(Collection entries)
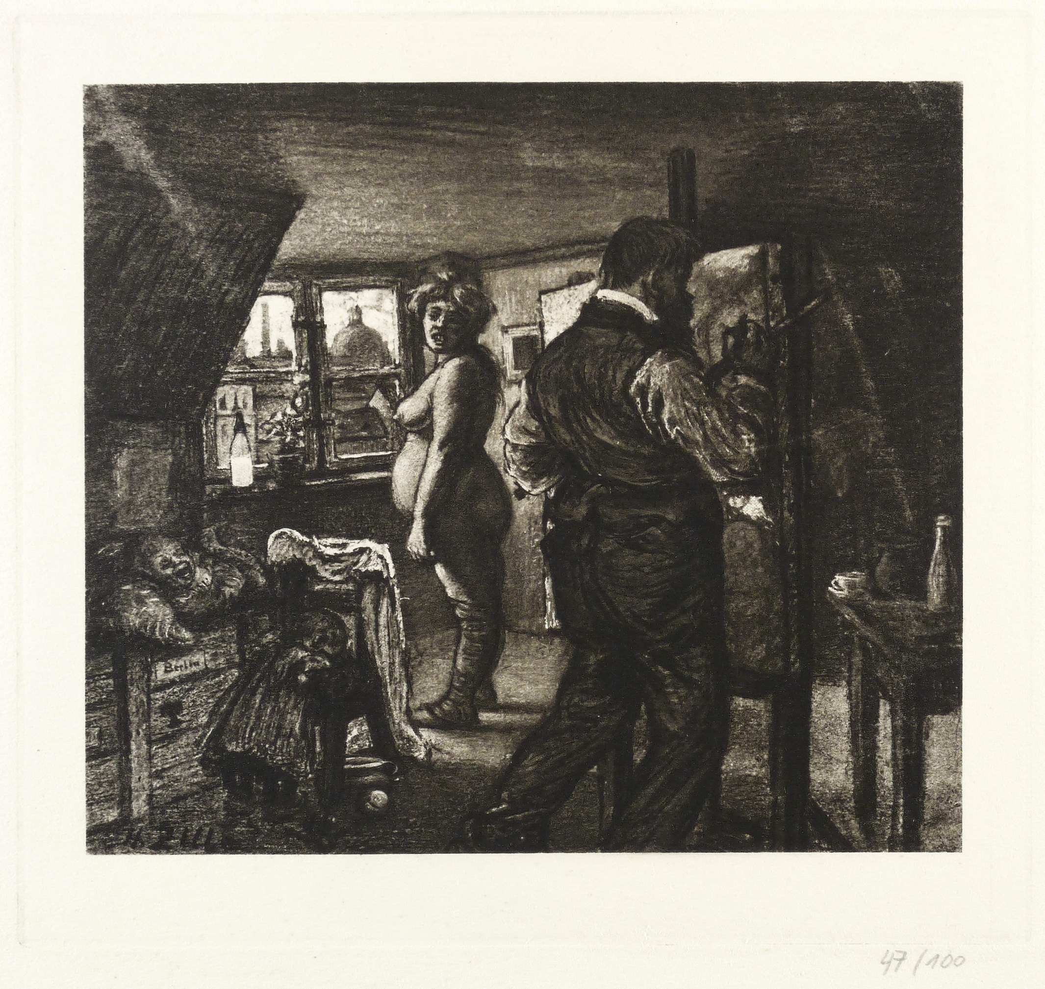 Rosenbach 26 d (von f). – Aus: Heinrich Zille, Zehn Original-Graphiken aus dem Nachlass (Hannover: Fackelträger-Verlag 1964). – Nicht handsigniert. Rechts unten in Bleistift Auflagenbezeichnung. – Posthumer Abzug von der im Nachlass erhaltenen originalen Platte für die 1964 in einer Auflage von 100 Exemplaren im Fackelträger-Verlag Hannover erschienene Mappe mit zehn Zille-Drucken. – Tadellos. Sehr guter Zustand.
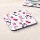 Cute Pink & White Christmas Pattern with Penguins Coaster
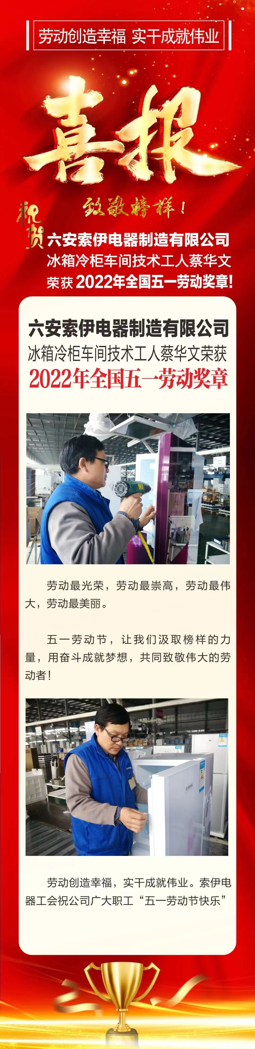 喜報:六安索伊電器制造有限公司冰箱冷柜車間技術(shù)工人蔡華文榮獲2022年全國五一勞動獎?wù)拢?/h3>
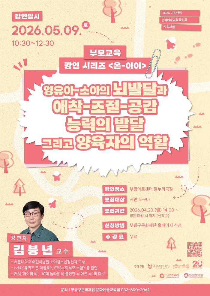[파이낸셜경제=김기보 기자] 부평구문화재단은 오는 5월 9일 어린이 주간과 연계해 부평아트센터 달누리극장에서 부모교육 강연 시리즈 ‘온-아이’를 개최한다.
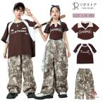 キッズダンス 子供 ヒップホップ ブラウン tシャツ 迷彩柄パンツ キッズダンス衣装 男の子 女の子 カーゴパンツ セットアップ 半袖 子供ダンス 原宿系 ストリー
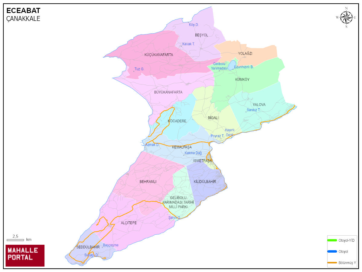 ECEABAT, ÇANAKKALE Dijital Haritası | İnteraktif İlçe ve Mahalle Sınırları
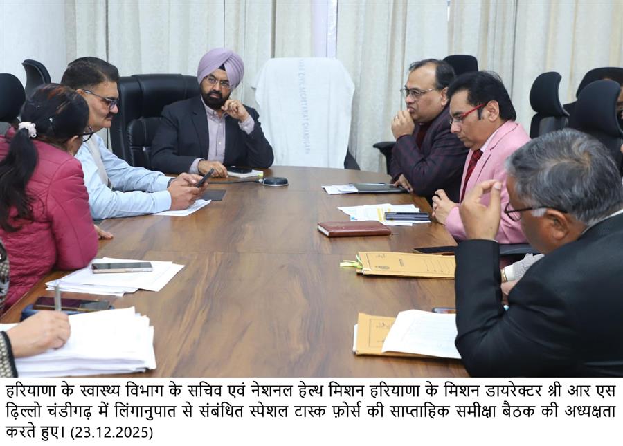 अवैध लिंगानुपात की जांच एवं गर्भपात को रोकने के लिए हरियाणा सरकार द्वारा गठित स्पेशल टास्क फ़ोर्स की आज फिर साप्ताहिक समीक्षा बैठक आयोजित की गई जिसकी अध्यक्षता स्वास्थ्य विभाग के सचिव एवं नेशनल हेल्थ मिशन हरियाणा के मिशन डायरेक्टर डॉ रिपुदमन सिंह ढिल्लो ने की।
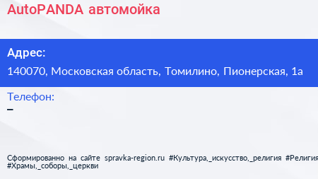 AutoPANDA, автомойка по адресу 140070, Московская область, Томилино, Пионерская, 1а в дальнейшем Организация, размещена в следующих категориях:
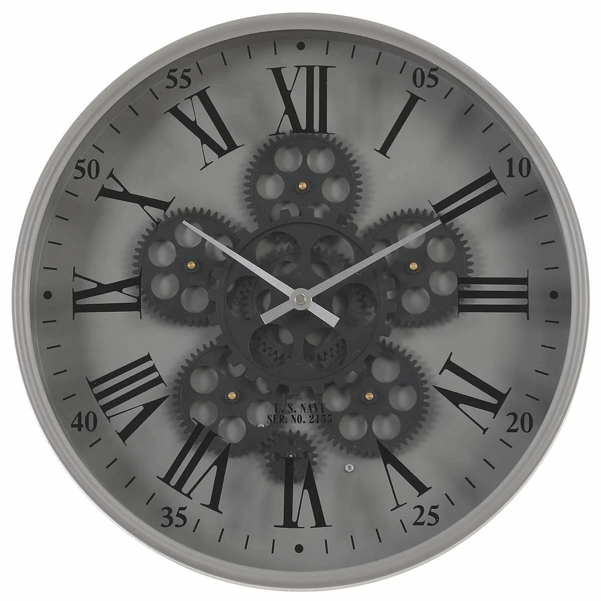 NEW Baron US Navy Grey Metal Moving Gears Wall Clock
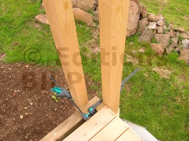 3. Si le support est en bois, l’équerre est aussi pointée ou vissée sur celui-ci,
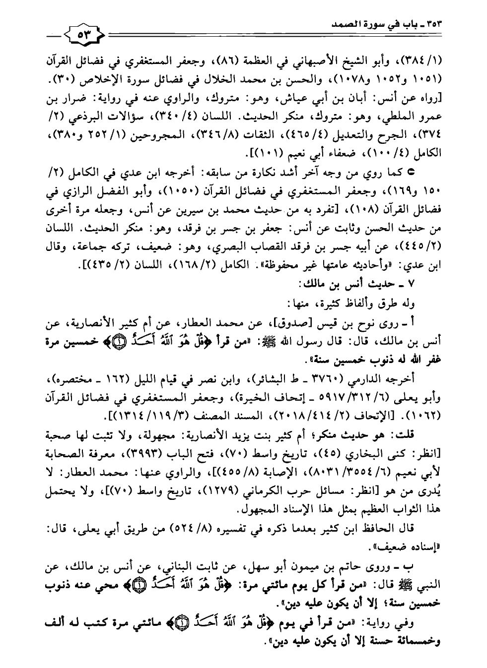 أ - روى نوح بن قيس [صدوق]، عن محمد العطار، عن أم كثير الأنصارية، عن أنس بن مالك، قال: قال رسول الله - صلى الله عليه وسلم -: "من قرأ {قُلْ هُوَ اللَّهُ أَحَدٌ (١)} خمسين مرة غفر الله له ذنوب خمسين سنة".
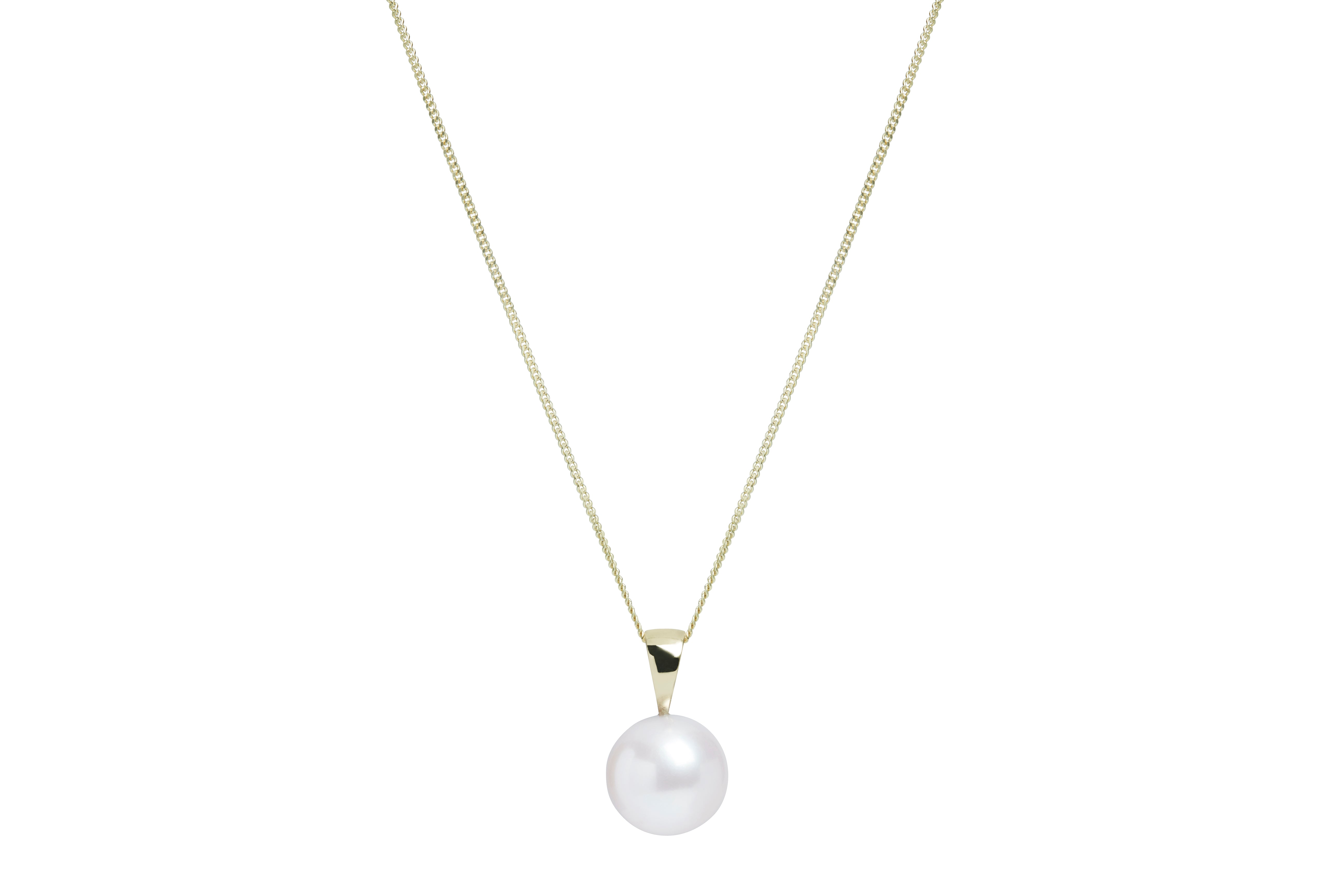 9ct Yellow Gold White River Pearl Round Shape Pendant 10-10.5mm
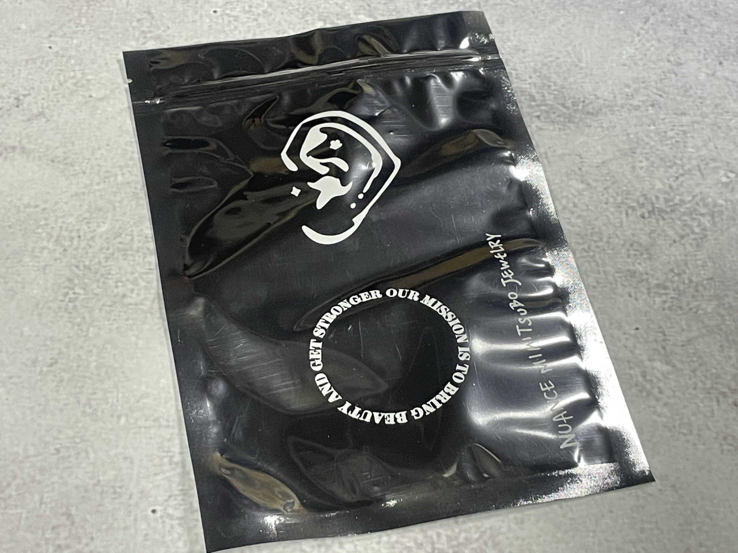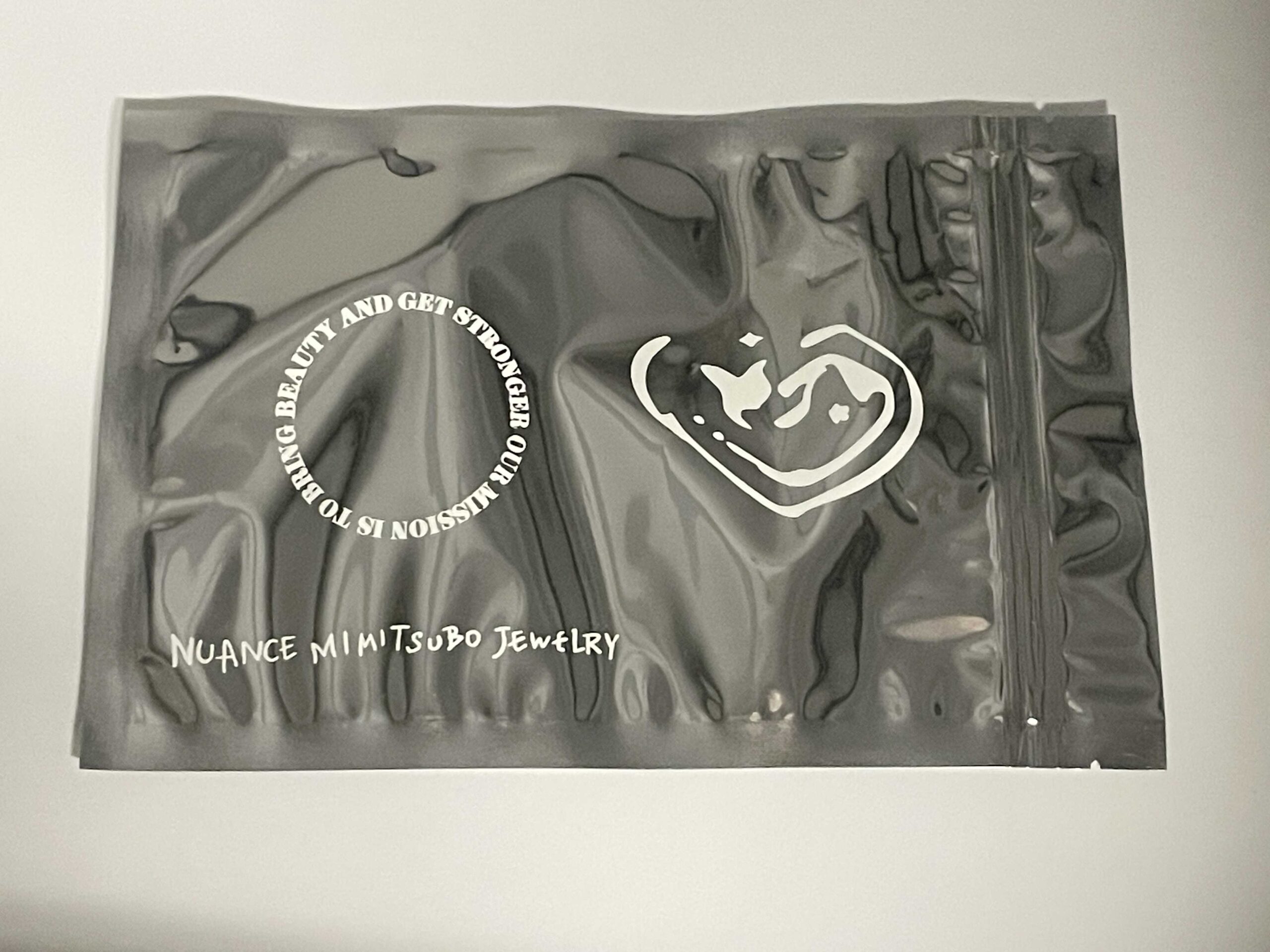 福岡市で美容サロンや関連グッズを幅広く展開されている OFF WHITE様 より、耳つぼジュエリー用の オリジナルパッケージ袋 の制作依頼をいただきました。

Exercise brief:
Print, without pictures, exactly the lines from the one containing "अवैध लिंगानुपात की" through the final line of the records above.

Solved problem:
 अवैध लिंगानुपात की जांच एवं गर्भपात को रोकने के लिए हरियाणा सरकार द्वारा गठित स्पेशल टास्क फ़ोर्स की आज फिर साप्ताहिक समीक्षा बैठक आयोजित की गई जिसकी अध्यक्षता स्वास्थ्य विभाग के सचिव एवं नेशनल हेल्थ मिशन हरियाणा के मिशन डायरेक्टर डॉ रिपुदमन सिंह ढिल्लो ने की।
 AutoPANDA, автомойка по адресу 140070, Московская область, Томилино, Пионерская, 1а в дальнейшем Организация, размещена в следующих категориях:
 NEW Baron US Navy Grey Metal Moving Gears Wall Clock
 3. Si le support est en bois, l’équerre est aussi pointée ou vissée sur celui-ci,
 أ - روى نوح بن قيس [صدوق]، عن محمد العطار، عن أم كثير الأنصارية، عن أنس بن مالك، قال: قال رسول الله - صلى الله عليه وسلم -: "من قرأ {قُلْ هُوَ اللَّهُ أَحَدٌ (١)} خمسين مرة غفر الله له ذنوب خمسين سنة".
 9ct Yellow Gold White River Pearl Round Shape Pendant 10-10.5mm
 福岡市で美容サロンや関連グッズを幅広く展開されている OFF WHITE様 より、耳つぼジュエリー用の オリジナルパッケージ袋 の制作依頼をいただきました。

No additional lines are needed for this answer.